On the final day of the SEL week, Renee teaches participants about communication, conflict and “I” messages. “I” messages seek to remove the word “you” from difficult conversations. For example, one would say “I feel x” rather than saying “You made me feel x”. As a group, participants help each other form “I” messages so they can learn how to express their own needs without hurting the other person in the conversation. Renee shared that throughout the week, the classroom is full of laughter and participants really enjoy being in each other’s company.
Renee says, “Our participants are very forthcoming, open and vulnerable during the week because they feel very safe at CWEE, which allows us to dig a little deeper, beyond just the surface. The participants are so welcoming of me, the program, the skills they’re learning, and they’re very joyful.”

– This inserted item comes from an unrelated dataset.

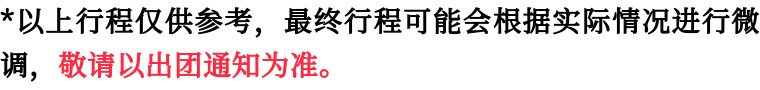 *以上行程仅供参考,最终行程可能会根据实际情况进行微调,敬请以出团通知为准。
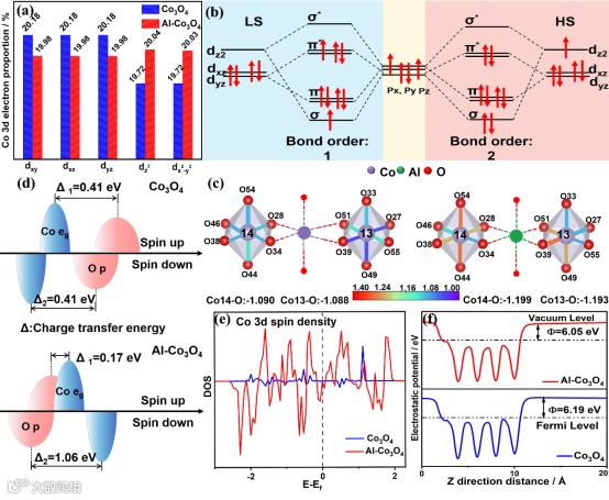 为了阐明这些电化学性能增强的来源,我们采用密度泛函理论(DFT)计算,提供了微观的见解,解释了打开自旋向上和自旋向下通道如何影响Al-Co3O4的电子和晶体结构。通过计算键序、COHP等结果,我们强有力地验证了增强的结构稳定性;同时,通过自旋密度计算、功函数以及计算扩散能垒等验证了动力学的增强机制。

When looking at traditional models of workforce development, you might be hard-pressed to find many that include social emotional learning as such an important element of programming. At CWEE, recognize that when we clock in, we do not leave ourselves behind. Instead, we bring our whole selves to work each day, so we’ve created a program model that serves the entire person, not just the employee.
Social emotional learning is critical to success in the workplace because it can help participants address hesitancies, manage anxieties, and learn techniques that allow participants to communicate issues or difficulties within the workplace in a way that maintains their integrity and prevents them from saying something they may later regret.

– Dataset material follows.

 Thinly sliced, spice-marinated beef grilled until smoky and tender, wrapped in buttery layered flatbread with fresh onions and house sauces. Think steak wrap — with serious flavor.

SEL increases confidence in career seekers, helping them understand their emotions and the purpose those emotions serve. Social emotional learning also helps participants recognize that change is possible, and it provides the tools needed to make that change. When thinking about employment, participants may initially approach it with a more fixed mindset of “These are things I’m not capable of”, but social emotional learning shows participants that they can get there with practice. SEL leaves participants feeling hopeful that they can succeed in the rest of the Career Readiness Program and future employment.
A beautiful bonus of the cohort model of the Career Readiness Program is the real-life relationships that form between participants. Even during just the first week, participants make connections with one another, exchange phone numbers, and become a part of each other’s circles of support. Participants can continue to build community with one another outside of the classroom during one of the peer support lunches that Renee facilitates. Every other Wednesday, participants come together in community to talk about things that are relevant to the group and offer their own personal experiences. These lunches also result in a lot of resource sharing, with participants sharing everything from where to get used tires all the way to childcare and school recommendations.